This Summer Mango Sticky Rice Dessert recipe blends sweet ripe mangoes with creamy coconut sticky rice for a tropical Thai-inspired treat. Made with glutinous rice, coconut milk, and fresh mango, it's a deliciously refreshing dessert perfect for warm-weather gatherings. Great for vegan and gluten-free diets!
1 cup glutinous (sticky) rice
1 ½ cups coconut milk
⅓ cup sugar
¼ tsp salt
2 ripe mangoes, peeled and sliced
1 tbsp toasted sesame seeds or mung beans (optional for garnish)
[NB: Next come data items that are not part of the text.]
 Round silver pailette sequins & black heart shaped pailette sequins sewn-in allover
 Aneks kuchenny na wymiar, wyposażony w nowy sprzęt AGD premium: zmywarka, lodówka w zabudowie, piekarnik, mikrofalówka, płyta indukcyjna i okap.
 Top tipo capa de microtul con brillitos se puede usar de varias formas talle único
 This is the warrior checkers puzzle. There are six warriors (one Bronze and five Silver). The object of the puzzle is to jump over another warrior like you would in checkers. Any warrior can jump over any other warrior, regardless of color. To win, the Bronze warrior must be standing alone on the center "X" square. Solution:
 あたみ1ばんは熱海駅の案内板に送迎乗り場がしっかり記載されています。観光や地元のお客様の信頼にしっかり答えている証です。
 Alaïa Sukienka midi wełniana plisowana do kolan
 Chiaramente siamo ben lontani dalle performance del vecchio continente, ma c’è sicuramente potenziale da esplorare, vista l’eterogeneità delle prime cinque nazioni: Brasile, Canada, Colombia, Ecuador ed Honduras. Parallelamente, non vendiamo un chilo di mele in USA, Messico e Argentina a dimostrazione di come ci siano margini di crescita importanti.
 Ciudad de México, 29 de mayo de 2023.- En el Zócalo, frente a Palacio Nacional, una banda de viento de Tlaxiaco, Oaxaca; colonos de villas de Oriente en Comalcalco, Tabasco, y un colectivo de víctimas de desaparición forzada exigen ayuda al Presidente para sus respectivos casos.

Rinse sticky rice in water several times until the water runs clear.
Soak the rice in water for at least 4 hours or overnight.
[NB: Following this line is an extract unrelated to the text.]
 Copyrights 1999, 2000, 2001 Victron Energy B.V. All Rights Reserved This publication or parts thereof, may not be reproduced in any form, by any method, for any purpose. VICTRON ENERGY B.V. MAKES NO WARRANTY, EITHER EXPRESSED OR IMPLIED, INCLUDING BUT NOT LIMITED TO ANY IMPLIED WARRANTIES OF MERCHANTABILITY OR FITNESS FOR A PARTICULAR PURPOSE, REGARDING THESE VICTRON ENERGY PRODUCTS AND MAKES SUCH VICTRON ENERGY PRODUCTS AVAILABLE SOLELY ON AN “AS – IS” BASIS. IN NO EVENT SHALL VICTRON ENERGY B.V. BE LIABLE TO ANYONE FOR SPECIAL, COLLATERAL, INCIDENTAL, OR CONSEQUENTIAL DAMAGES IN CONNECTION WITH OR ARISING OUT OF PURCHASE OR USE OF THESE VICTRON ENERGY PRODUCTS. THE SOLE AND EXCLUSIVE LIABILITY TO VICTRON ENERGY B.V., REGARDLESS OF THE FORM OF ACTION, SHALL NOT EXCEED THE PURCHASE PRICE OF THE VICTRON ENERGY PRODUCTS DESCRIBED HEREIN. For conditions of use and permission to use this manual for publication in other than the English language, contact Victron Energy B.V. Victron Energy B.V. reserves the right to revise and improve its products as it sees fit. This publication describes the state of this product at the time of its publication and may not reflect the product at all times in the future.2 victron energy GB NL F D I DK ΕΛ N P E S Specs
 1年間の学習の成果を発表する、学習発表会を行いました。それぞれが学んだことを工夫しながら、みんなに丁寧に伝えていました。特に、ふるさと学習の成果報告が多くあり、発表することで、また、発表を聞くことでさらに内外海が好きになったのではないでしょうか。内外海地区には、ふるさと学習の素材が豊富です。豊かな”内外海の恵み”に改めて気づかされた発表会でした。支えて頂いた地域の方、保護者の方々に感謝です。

Steam the soaked rice for 20–25 minutes until tender.
In a saucepan, heat the coconut milk, sugar, and salt until dissolved (do not boil).
Reserve ¼ cup of the coconut sauce for topping.
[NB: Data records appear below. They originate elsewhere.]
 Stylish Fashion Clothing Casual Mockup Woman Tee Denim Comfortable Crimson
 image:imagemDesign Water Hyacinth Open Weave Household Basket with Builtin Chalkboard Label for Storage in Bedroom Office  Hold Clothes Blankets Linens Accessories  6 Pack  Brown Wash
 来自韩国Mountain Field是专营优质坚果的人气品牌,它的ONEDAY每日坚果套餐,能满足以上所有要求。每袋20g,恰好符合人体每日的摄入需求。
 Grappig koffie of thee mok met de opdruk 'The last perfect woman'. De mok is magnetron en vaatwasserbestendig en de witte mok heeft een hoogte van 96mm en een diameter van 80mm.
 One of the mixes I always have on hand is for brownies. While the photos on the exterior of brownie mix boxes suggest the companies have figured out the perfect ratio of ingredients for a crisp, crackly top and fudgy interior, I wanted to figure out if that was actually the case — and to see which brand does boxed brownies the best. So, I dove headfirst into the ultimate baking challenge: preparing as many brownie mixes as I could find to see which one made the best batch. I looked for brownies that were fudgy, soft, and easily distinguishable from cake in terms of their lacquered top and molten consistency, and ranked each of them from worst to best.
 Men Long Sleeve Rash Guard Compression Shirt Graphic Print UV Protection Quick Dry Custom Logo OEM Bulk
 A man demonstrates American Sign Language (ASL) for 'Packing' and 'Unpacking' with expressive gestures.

Combine the cooked rice with the remaining coconut milk, cover, and let sit for 30 minutes.
Plate the sticky rice with mango slices, drizzle with reserved coconut sauce, and garnish if desired.
Use Thai glutinous rice for best texture.
Fresh, ripe mangoes (like Ataulfo or Nam Dok Mai) enhance flavor.
Can be served warm or chilled.
Make ahead and chill for up to 24 hours.